Government rather threatened the key stakeholders in Makeni including the Mayor of the municipality, Sunkarie Kabba of arrest and detention for an alleged incitement.

Tracking down police actions immediately after the 2018 elections would lengthen this piece to an immeasurable length.

However, few incidents demand particular mention.

Few Months after President Bio came to power in 2018, the police launched one of the most brutal raids in Rosengbeh village in the northern district of Tonkolili district where a man with a wife and children was fatally injured by an alleged police shot.

Dwelling houses were broken into and property worth millions of Leones was allegedly stolen by the police.

They defended their actions saying the money seized from innocent and defenceless villagers are proceeds of the sale of cannabis.

The Local Unit Commander who was never informed about the operation was illegally suspended when he explained to the media about the illegality of the operation.

None of the culprits of the killing was investigated and they continue to have a field day.

Impunity among state arm-carriers boomerangs in the face of a politically manipulated Independent Police Complaints Board (IPCB).

An IPCB has similarly defended his institution that the business of IPCB is to investigate incidents of police killing and not to prosecute.

“IPCB refers its files to the law office for prosecution,” the official says.

The impunity generated in the police raid in Tonkolili led to a number of state killings whose perpetrators walk as free men.

The tragic incident of April 29 at the country’s main correctional Centre on Pa Demba Road in Freetown is one the brightest examples of impunity in the state of Sierra Leone.

A brutal encounter between inmates and state security forces on the said date left dozens of prisoners dead.

Official accounts put the number of fatalities at 31, but credible sources indicated a number above the figure.

To date, no ordinary member of the public knew where the prisoners were buried, and the killers were never brought to justice.

In what appears a sinister cover up of the lethal act of the security forces, government accused the main opposition, All People’s Congress to have incited the riots that led to the deaths.

Instead of targeting the killers, key opposition figures were arrested and slammed with police charges.

Many of them are in law courts while others remain behind bars.

The resentment nursed by the people of Sierra Leone bubbled and flared up in two major communities, Lunsar and Tombo towns in the north-western and western-rural regions respectively.

Security in the two communities was brought to a sudden halt when the youths had it hot with the police.

The two communities currently reel of the pains of police brutality.

Civilians again are the wrong end as dozens of them were arrested and arraigned with dozens of police charges.

Some have been granted bail while others languish in cells.

Almost all the incidents share a common feature-state sponsored.

The notorious modus operandi adopted is the provocation of a situation into crisis by a public service agency and then invite the police to come in.

The incident in Makeni is a typical example.
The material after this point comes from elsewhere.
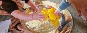 Kirkerummet danner ramme om sang, leg, dans (og lidt plask). Vi synger enkle salmer med fagter, leger sanglege og vugger i dyner. Vi bruger sæbebobler, faldskærm og rasleæg.

It was government-provoked later inviting the police.

Police intervention into such conflicts always is not problem-solving but to cause mayhem on the other side to protect government interest.

As illegal police crackdowns continue, the commission has warned that respect for human dignity and human rights must begin with respect for human life.

It says a society that accords the highest respect for human life is unlikely to turn on itself.

Deprivation of liberty is a serious infringement of human rights.

It is however legitimate when sanctioned by rules and laws which agree with principles of fairness and due process.

Arbitrary arrest and detention without trial cannot be tolerated in a just and democratic society.

The SLP must learn from the TRC report to make a fundamental point.